Klon Sheila tampak semakin terpesona. Dua ratus anak panah ajaib yang ditembakkan oleh para pelayan elf telah menghancurkan sebuah batu besar—yang telah kami siapkan—menjadi berkeping-keping. Kekuatannya saja sudah mengesankan, tetapi dia tampak jauh lebih terpikat oleh kemampuannya untuk menembak dengan cepat. Bukan reaksi yang saya bayangkan, tetapi secara keseluruhan terdengar seperti dia sangat senang.
“Apa pun itu, artinya semuanya baik-baik saja, kan?”
“Ya. Saya tidak punya keluhan sama sekali.”
“Bagus. Kita akan segera memproduksinya secara massal.”
Yang tidak kukatakan padanya adalah bahwa aku berencana untuk menghasilkan beberapa ribu pertama untuknya sendiri. Lagipula, para elf gelap masih sibuk menetap di kota itu.
“Hmm… Bolehkah saya bicara sebentar?”
“Hah? Ada apa? Tiba-tiba kau terlihat serius.”
“Sejujurnya, saya punya permintaan. Izinkan saya berterus terang.”
“Eh, tentu… Ada apa?”
Klon Sheila—yah, Sheila adalah wanita terakhir di dunia yang kukira akan bertele-tele, namun dia malah bersusah payah memperingatkanku tentang hal ini. Apa sebenarnya maksud semua ini?
“Aku ingin kau menjual bola-bola ini—tidak, senjata-senjata ini secara eksklusif kepadaku, setidaknya untuk sementara waktu.”
“Khusus untukmu? Tentu saja… Tapi mengapa?”
Klon Sheila menatapku dengan kaget.
“Hah? Apa aku mengatakan sesuatu yang aneh?”
“Astaga… Kamu benar-benar tidak tahu apa-apa?”
“Eh… Apa aku seharusnya tahu? Apakah itu begitu jelas?”
“Ya, begitulah…” Klon Sheila perlahan mengangguk.
Apa ya kira-kira? Dia bilang seharusnya sudah jelas, tapi aku benar-benar tidak tahu.
Lardon terkekeh. “Lupakan saja. Ini mustahil bagimu.”
“Apakah sekarang?”
“Memang benar.
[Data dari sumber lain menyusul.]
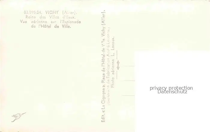 14061580 VICHY 03 Allier Reine des Villes d'Eaux Esplanade de l'Hôtel de Ville vue aérienne postalisch nicht gelaufen Fliegeraufnahme Erhaltung siehe scans [FriedD77] Fliegeraufnahme Frie Katcode 11170003303310

Lagipula…” Aku bisa mendengar seringai main-main dalam suara Lardon. “Seperti yang selalu kukatakan, kau sudah baik apa adanya.”
Aku memiringkan kepala, semakin bingung dari sebelumnya. Aku bisa merasakan bahwa Lardon sedang dalam suasana hati yang agak nakal, tetapi cara dia mengatakannya malah membuatku semakin bingung.
Di sisi lain, klon Sheila jauh lebih lugas. Dia menjawab saya dengan sangat jelas.
“Ini adalah senjata yang luar biasa. Bayangkan—sangat ampuh, sangat mudah digunakan, dan hanya tersedia untukmu. Keuntungan yang sangat besar, bukan? Dalam konflik, jika kedua belah pihak memilikinya, kerusakannya akan sangat dahsyat.”
“Ohh. Itu sebabnya kau ingin aku menjualnya hanya padamu.” Baiklah, sekarang aku mengerti.
Klon Sheila mengangguk. “Kumohon, aku mohon. Jika kau mengizinkanku hak pembelian eksklusif…aku bersedia melakukan apa saja .”
Tatapan matanya tampak sangat serius dan menakutkan saat ia menatapku dengan tegas.